Hey guys? How about if the next time you want to play with little boys you go far out into the woods and play with one like this?
To recap:
  • God doesn't make contradictions. When science conflicts with theology, theology must bend.
  • We know a whole lot more about sexual biochemistry now than we did 1,000 years ago.
  • Christ did not come to Earth to bring us a pile of hopeless tasks. Celibacy isn't achievable by the vast majority of males of any species. Jesus never demanded that we do the impossible.
When I've engaged with Catholic Traditionalists, with whom I have great affinity if not membership in their group, they keep going back to the Church Fathers' teachings. What they don't get is that a lot of the Church Fathers were considered crazed radicals by the traddies of their day.

St. Thomas Aquinas was a bonafide heretic to many of his contemporaries.
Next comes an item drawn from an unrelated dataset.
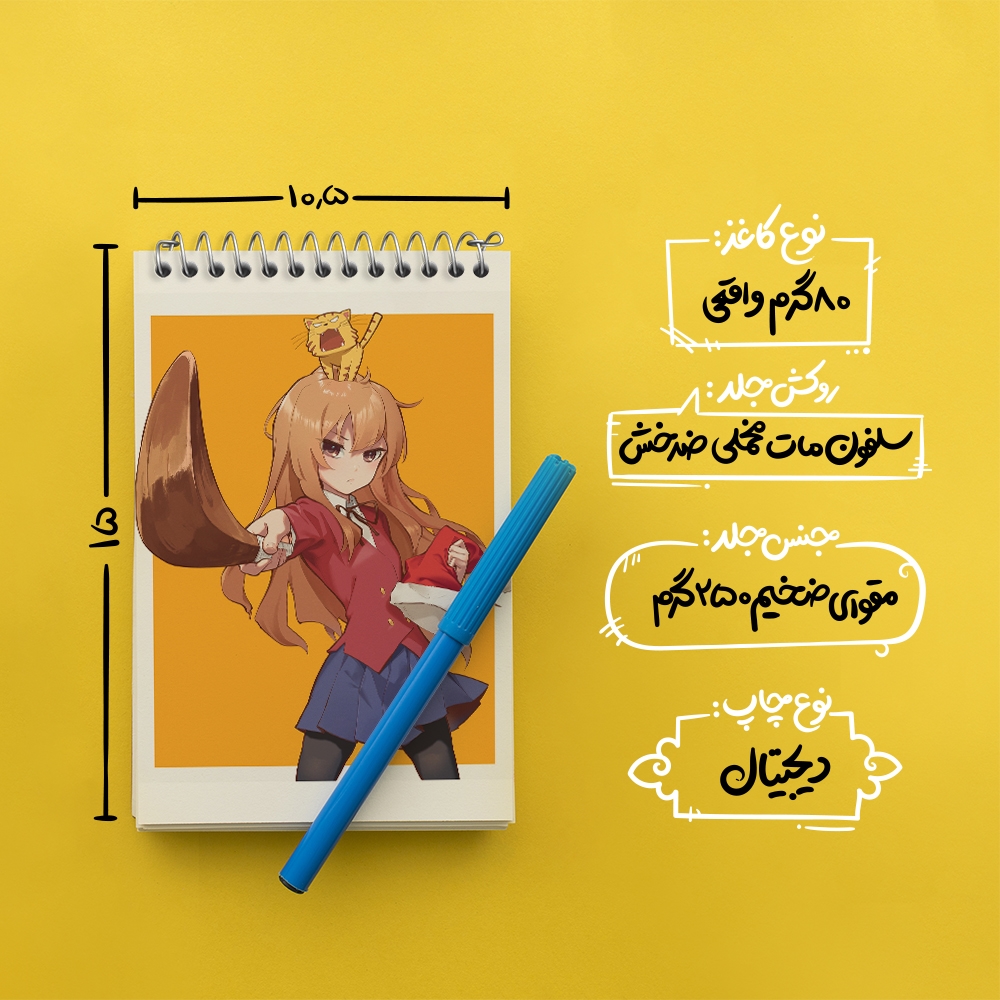 برند خندالو در زمینه تولید انواع دفاتر فانتزی و تحصیلی فعالیت میکند که به دلیل جذابیت ظاهری و طرح های متنوع طرفداران زیادی دارد. دفتر یادداشت خندالو طرح تایگا انیمه تورادورا محصولی مناسب برای همه عاشقان لوازم التحریر است و همچنین همه کسانی که بنا به موقعیت تحصیل یا شغلشان با دفتر و نوشت افزار زیاد سر و کار دارند. در تولید دفتر یادداشت خندالو طرح تایگا انیمه تورادورا از نوع صحافی فنر مارپیچ استفاده شده که در این نوع صحافی برگهها به راحتی چرخیده و یا بیرون آورده می شوند. دفتر های خندالو دارای جلد انعطاف پذیر از جنس مقوای گلاسه 250 گرم با روکش سلفون مات مخملی است که به شما امکان میدهد از دفتر خود بدون اینکه نگرانی از شکستن یا خراب شدن جلد را داشته باشید استفاده کنید و همچنین در این دفاتر از کاغذ 80 گرم با کیفیت استفاده شده که باعث میشود هنگام نوشتن به خوبی جوهر قلم بر روی صفحه نشسته و از خط خوردگیها جلوگیری کند. دفتر یادداشت خندالو با جنس و دوام مناسب، برگه های کاملاً سفید و خطوط طوسی دقیق را داراست که انسان را به نوشتن منظم و زیبا ترغیب میکند. طراحی کاملاً مناسب این دفاتر، به همراه کیفیت بالا، از آن یک محصول مورد علاقه و قابل اعتماد برای همه مقاطع تحصیلی میسازد. دفتر یادداشت خندالو طرح تایگا انیمه تورادورا انتخابی هوشمندانه و مناسب برای افرادی است که به دنبال دفتری با کیفیت و کاربرد عالی هستند. این دفتر، همراه خوبی برای شما در تمام مراحل تحصیل و کار خواهد بود و تجربهای لذتبخش از نوشتن و آموختن را به شما هدیه میدهد.

Among his many revolutionary and brilliant ideas, Aquinas claimed that there was a lot of valuable truth to be found in the Greek philosophers, all of whom were pagans.

The traddies replied, "Pagans? What madness is this? There is nothing we can derive from pagans save death and sin. No, we must chant and pray and burn incense, keeping our heads down in our prayer books and hymnals. To claim that because the world was created by God, all paths lead to God is heresy, plain and simple. Begone, you lunatic!"

In a lot of cases, the Church Fathers' greatest achievements were responses to crises of faith. Some of St. Augustine's teachings were corrections of heresies. Those heresies weren't always nutty, some of them were well-intentioned and reasonably logical. It required a devoted, holy genius to work out the response to the crisis of the moment.

Well, we need that now. This is clearly not working and I don't think it ever did. There are stories of priests going off the celibacy reservation from medieval times. Somebody with the theological chops and Church gravitas needs to make a stand for sanity. 

We need an Aquinas or an Augustine and we need him right now.